# Work to complete
No image is to be carried over; reproduce the rest of the listing word for word.

# Provided data
[Start of section]
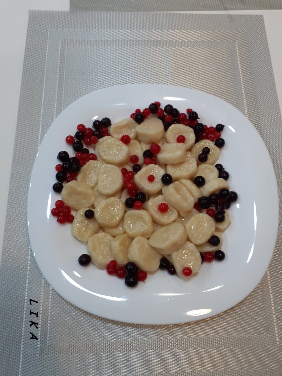 Утром выходного дня так хочется побаловать своих родных чем-то вкусненьким. Реализовать такое желание особенно легко летом, когда на прилавках магазинов и рынков продается множество различных свежих ягод и фруктов. Даже если блюдо только украшено ягодами, оно становится гораздо красивее и аппетитнее. Ленивые вареники-одно из них. Для приготовления порции на 2-х человек потребуется: -200г.творога. Я использую творог ТМ «Простоквашино». -2 столовых ложки муки -2 столовых ложки манки -1 яйцо -2 столовых ложки сахара -200 грамм черной и красной смородины или других ягод Время приготовления 35 минут. Приготовление: Творог соединить с яйцом, добавить муку, манку, сахар, хорошо вымесить и замесить тесто. Раскатать из него колбаску и порезать на кусочки. Поставить на плиту кастрюлю с водой. Когда закипит, посолить и опустить вареники, варить 5 минут. Смородину слегка размять вилкой, посыпать сахаром и выложить сверху на готовое блюдо в каждую порцию.
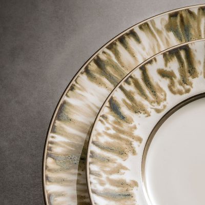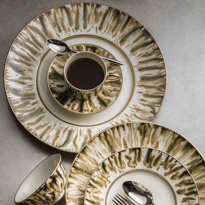 Jaune de Chrome is known world-wide for their exclusive glaze craftsmanship: Metallic components blended with glaze are meticulously applied on porcelain, after which the magic of the firing process transfoms the raw materials. Each piece is unique, neither exactly the same, nor really different.
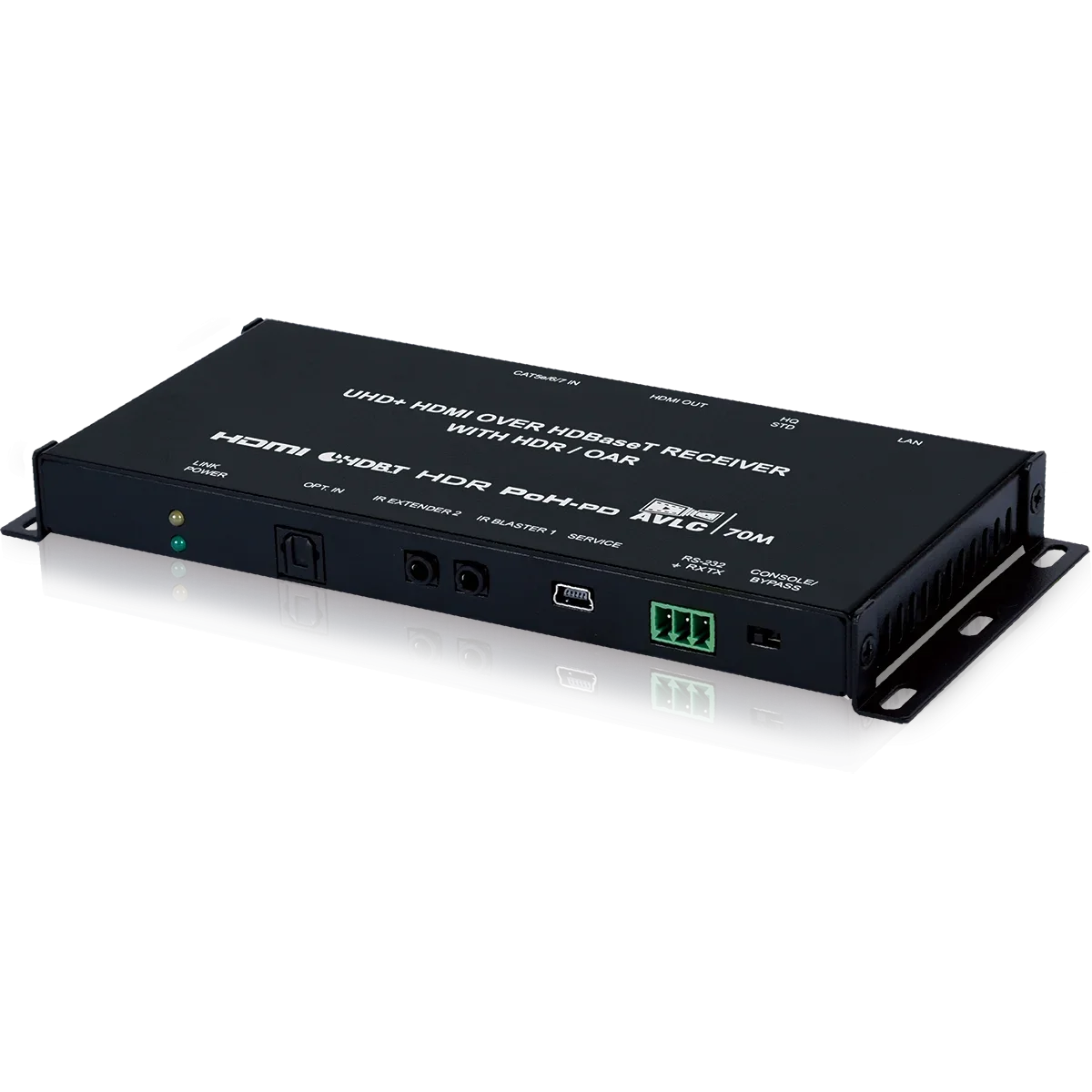 This HDMI over single Cat.5e/6/7 Receiver is a great solution for extending HD audio and video as well as Ethernet and control via a single run of Cat.5e/6/7 cable over distances of up to 100 meters. Multiple data and control interfaces are provided, including IR, RS-232 and LAN connections. This Receiver complies with the advanced HDCP 2.2 and HDMI 2.0 standards, as well as supporting the legacy HDCP 1.x and HDMI 1.x standards. Despite HDBaseT’s 10.Gbps bandwidth limitation, 4K UHD HDMI video sources, up to and including 4K@60Hz (4:4:4, 8-bit) as well as 10/12-bit sources with HDR, are able to be processed and extended by the use of AVLC (Adaptive Visually Lossless Compression) when connected to a compatible AVLC Transmitter. Beyond video, data, and control this unit also contains useful audio features. The Optical Audio Return (OAR) feature supports transmitting optical audio back to a compatible Transmitter for local playback. Rounding out the feature set is automatic TMDS re-clocking support. This Receiver (PD) is powered by 48V PoH (Power over HDBaseT) from a compatible Transmitter (PSE), allowing for flexibility within different installation scenarios.
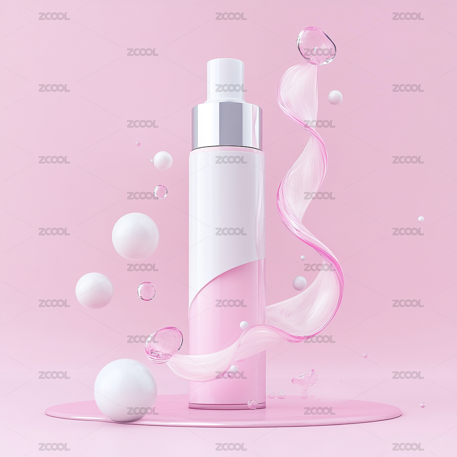 三维渲染的化妆品白色塑料瓶子的粉色场景
[End of section]
# Task answer
 Утром выходного дня так хочется побаловать своих родных чем-то вкусненьким. Реализовать такое желание особенно легко летом, когда на прилавках магазинов и рынков продается множество различных свежих ягод и фруктов. Даже если блюдо только украшено ягодами, оно становится гораздо красивее и аппетитнее. Ленивые вареники-одно из них. Для приготовления порции на 2-х человек потребуется: -200г.творога. Я использую творог ТМ «Простоквашино». -2 столовых ложки муки -2 столовых ложки манки -1 яйцо -2 столовых ложки сахара -200 грамм черной и красной смородины или других ягод Время приготовления 35 минут. Приготовление: Творог соединить с яйцом, добавить муку, манку, сахар, хорошо вымесить и замесить тесто. Раскатать из него колбаску и порезать на кусочки. Поставить на плиту кастрюлю с водой. Когда закипит, посолить и опустить вареники, варить 5 минут. Смородину слегка размять вилкой, посыпать сахаром и выложить сверху на готовое блюдо в каждую порцию.
 Jaune de Chrome is known world-wide for their exclusive glaze craftsmanship: Metallic components blended with glaze are meticulously applied on porcelain, after which the magic of the firing process transfoms the raw materials. Each piece is unique, neither exactly the same, nor really different.
 This HDMI over single Cat.5e/6/7 Receiver is a great solution for extending HD audio and video as well as Ethernet and control via a single run of Cat.5e/6/7 cable over distances of up to 100 meters. Multiple data and control interfaces are provided, including IR, RS-232 and LAN connections. This Receiver complies with the advanced HDCP 2.2 and HDMI 2.0 standards, as well as supporting the legacy HDCP 1.x and HDMI 1.x standards. Despite HDBaseT’s 10.Gbps bandwidth limitation, 4K UHD HDMI video sources, up to and including 4K@60Hz (4:4:4, 8-bit) as well as 10/12-bit sources with HDR, are able to be processed and extended by the use of AVLC (Adaptive Visually Lossless Compression) when connected to a compatible AVLC Transmitter. Beyond video, data, and control this unit also contains useful audio features. The Optical Audio Return (OAR) feature supports transmitting optical audio back to a compatible Transmitter for local playback. Rounding out the feature set is automatic TMDS re-clocking support. This Receiver (PD) is powered by 48V PoH (Power over HDBaseT) from a compatible Transmitter (PSE), allowing for flexibility within different installation scenarios.
 三维渲染的化妆品白色塑料瓶子的粉色场景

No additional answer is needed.